Wayne Taylor’s Corvette DP finished second in the season-opening Rolex 24 at Daytona. Another Corvette won the race and two more finished third and fourth, respectively. The best legacy LMP2 car finished fifth, but was well off the pace of the legacy Daytona Prototype cars.
In attempt to balance the performance of these disparate cars and engines, United SportsCar Championship officials have reduced the diameter size of the air restrictors on the Corvettes and set the maximum revs on those engines to 7450. They have also given the Ford-powered DPs a slightly larger engine air restrictor.
These changes have caused some concerns among team owners, notably Taylor, who spent quite a bit of money in the off-season to update his car to the series’ 2014 specifications.
“Every time I look at my phone, there’s a new bulletin.”
While new bulletins no longer surprise him, Taylor is surprised that the series has not made any changes to make the LMP2 cars a little more competitive.
“I was waiting for [the series] to do something dramatic to the LMP2 cars,” Taylor said. “But why don’t they go and get people to watch and understand which each team does. Some of those LMP cars close to me [at Daytona] . . . all they did was wipe the bodywork. I never saw them do anything with the brakes. I never saw them do anything. If you’re racing at this level, you have to tweak every single piece.”

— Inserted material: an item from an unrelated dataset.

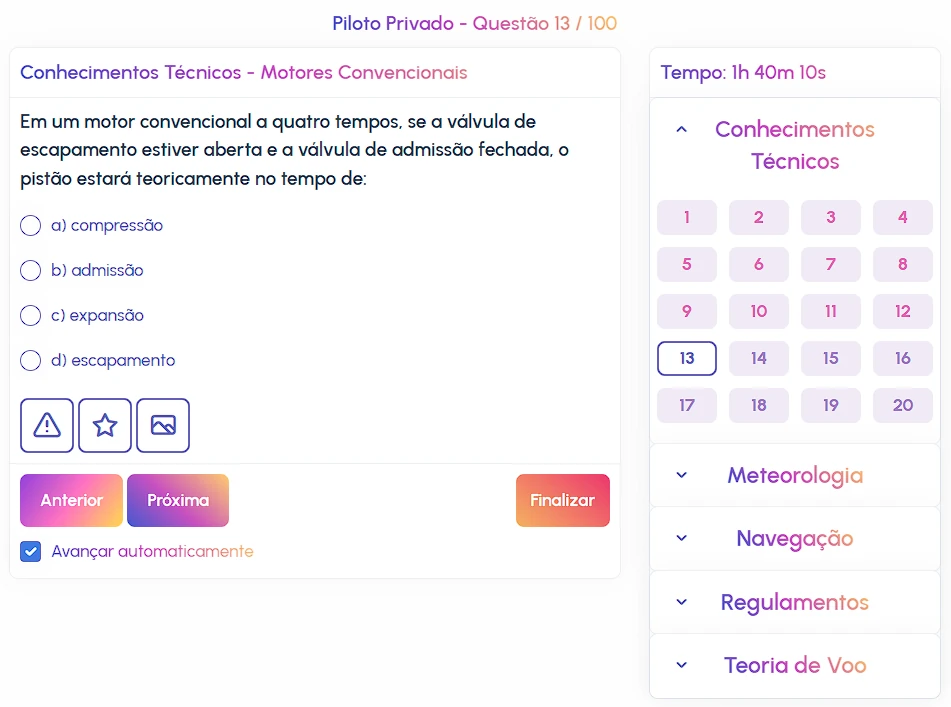 Oferecemos questões 100% baseadas nos exames oficiais da ANAC, com explicações detalhadas e recursos visuais.

Despite these complaints, Taylor thinks the series has done a reasonably good job under difficult circumstances. He just wants the series to reduce the extra boost level it has given to the Ford-powered cars and then stop making changes to the rules.
“To continually [change the rules] is going to wear me out,” he said. “And I’m tired of being worn-out. They have got to start understanding that we all can’t find enough money to run in a series – like this – at the highest level. The budgets are going through the roof. And we’re doing 11 races. Go sell a corporate budget for $4.5 million . . . . It doesn’t happen.”